Empty stomach complex weight was decreased (P < 0.04) in response to dietary restriction (Table 5) and increased (P < 0.02) in its ratio to MBW owing to reproductive status. The omentum was also decreased (P 0.09) because of reproductive status when scaled to EBW and MBW. Duodenum weight was not affected by restriction or reproductive status. Jejunal and ileal masses (grams) were decreased (P 0.03) by restriction and increased by reproductive status, and were increased (P 0.07) in response to reproductive status when scaled to MBW. Likewise, when scaled to MBW, the increased mass of the jejunum and ileum caused by reproductive status contributed to a similar response (P 0.01) in the total small intestinal mass. The large intestine was unaffected by restriction or reproductive status. Dietary restriction was effective in reducing total digestive tract mass. Total internal organ mass was increased (P < 0.01) owing to reproductive status.

Maternal BW variables differed owing to dramatic differences in mature body size of ewe types in this experiment (Table 6). The Romanov ewes weighed 44.8 kg at d 130 of gestation, whereas Columbia ewes averaged 104 kg (P < 0.01). Carcass mass, EBW, and MBW were less (P < 0.01) in the R/R ewes compared with either of the Columbia groups.
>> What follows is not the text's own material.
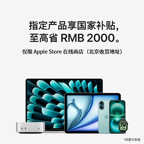 2、指定产品享国家补贴,至高省2000元,仅限 Apple Store 在线商店(北京收货地址)参加,操作步骤如下或点击此处了解详细信息:
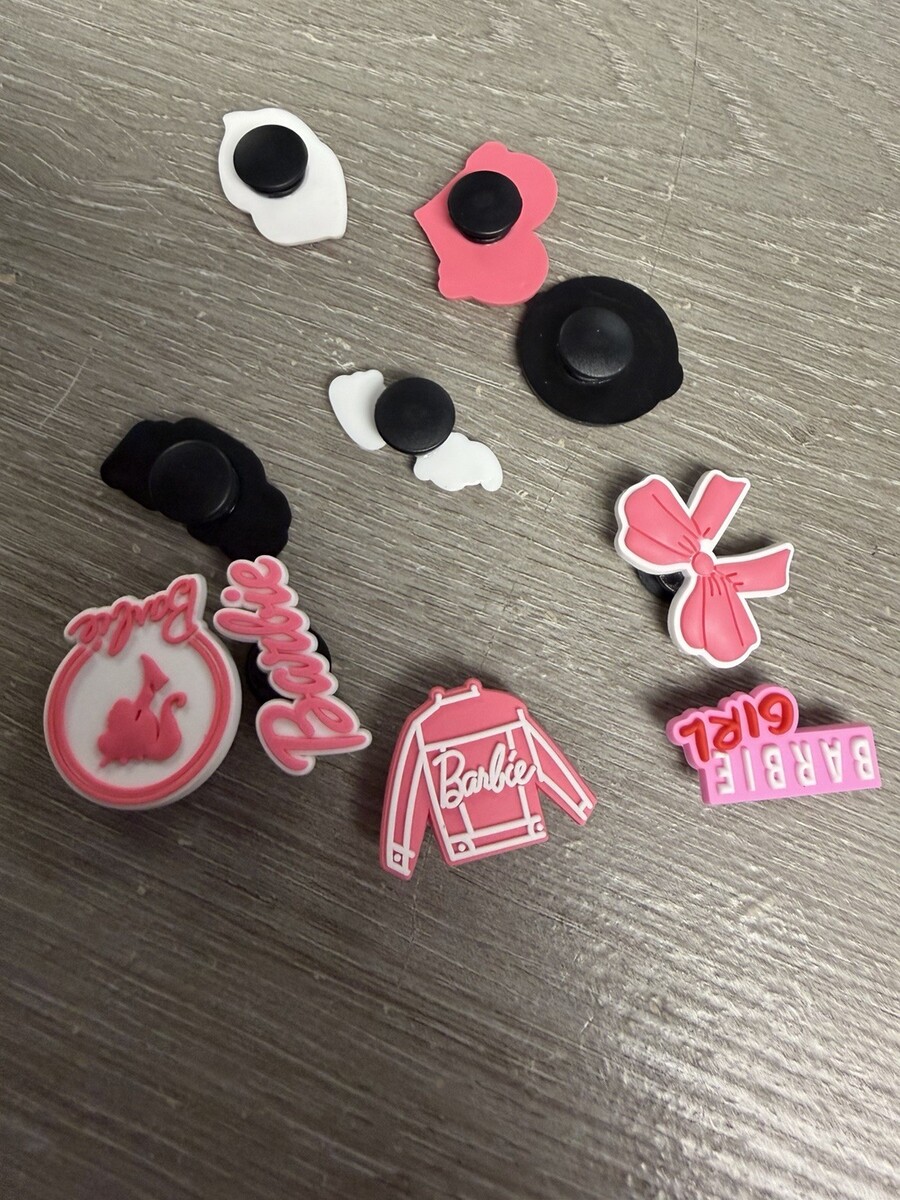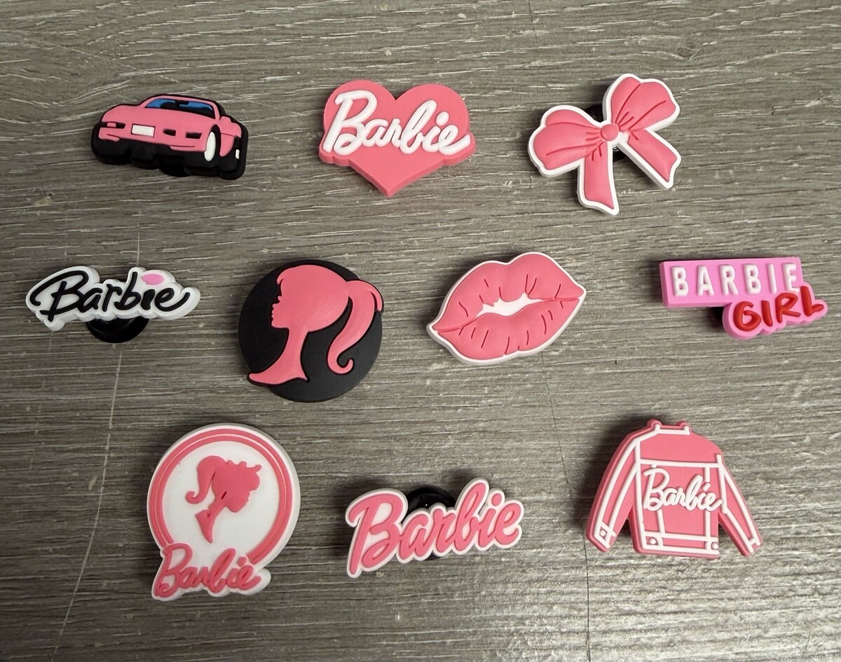 The Barbie SHOE CHARMS 10 Pack Crocs are colorful shoe charms designed for both boys and girls who are fans of the Barbie character. The set includes a variety of multicolored charms with a Barbie theme, perfect for adding a fun and decorative touch to any pair of Crocs shoes. This accessory is ideal for young fashionistas who want to show off their love for the iconic Barbie brand through their footwear.

The overall masses (grams) of the lung, spleen, heart, liver, and kidneys were less (P < 0.01) in R/R ewes compared with R/C and C/C ewes (Table 8). When scaled ratios (EBW or MBW) of the lungs were analyzed, they did not differ between the treatments. Spleen mass (grams per kilogram MBW) was less (P 0.03) for R/R compared with R/C or C/C. Heart mass, scaled to EBW or MBW, did not differ owing to ewe type. The ratio of liver mass to EBW or MBW did not differ with ewe type. The response of the kidneys was similar to that of the liver, except that R/R ewes had a greater kidney-to-MBW ratio compared with the R/C or C/C ewes at 3.7 vs. 3.1 and 3.1 g/kg MBW, respectively (P < 0.01).

The cecum and colon masses responded similarly between the ewe types; R/R had less (P < 0.01) cecal and colonic mass when compared with the other ewe types (Table 9). When considered as a ratio to EBW, no differences that were due to ewe type were observed, although the R/R ewes had a greater (P 0.05) ratio of cecal and colonic tissue per unit of MBW. A similar pattern of response was observed when these tissues were compiled and analyzed together as the large intestine.

The total digestive tract weight (grams) was less (P < 0.01) in the R/R ewes. When scaled to EBW, the difference in ewe type did not result in an overall response; however, the R/R and R/C ewes had a greater (P < 0.07) ratio of digestive tract tissue per unit of EBW compared with the C/C ewes. When scaled to MBW, R/R had the greatest (P < 0.05) proportion of digestive tract tissue per unit of MBW.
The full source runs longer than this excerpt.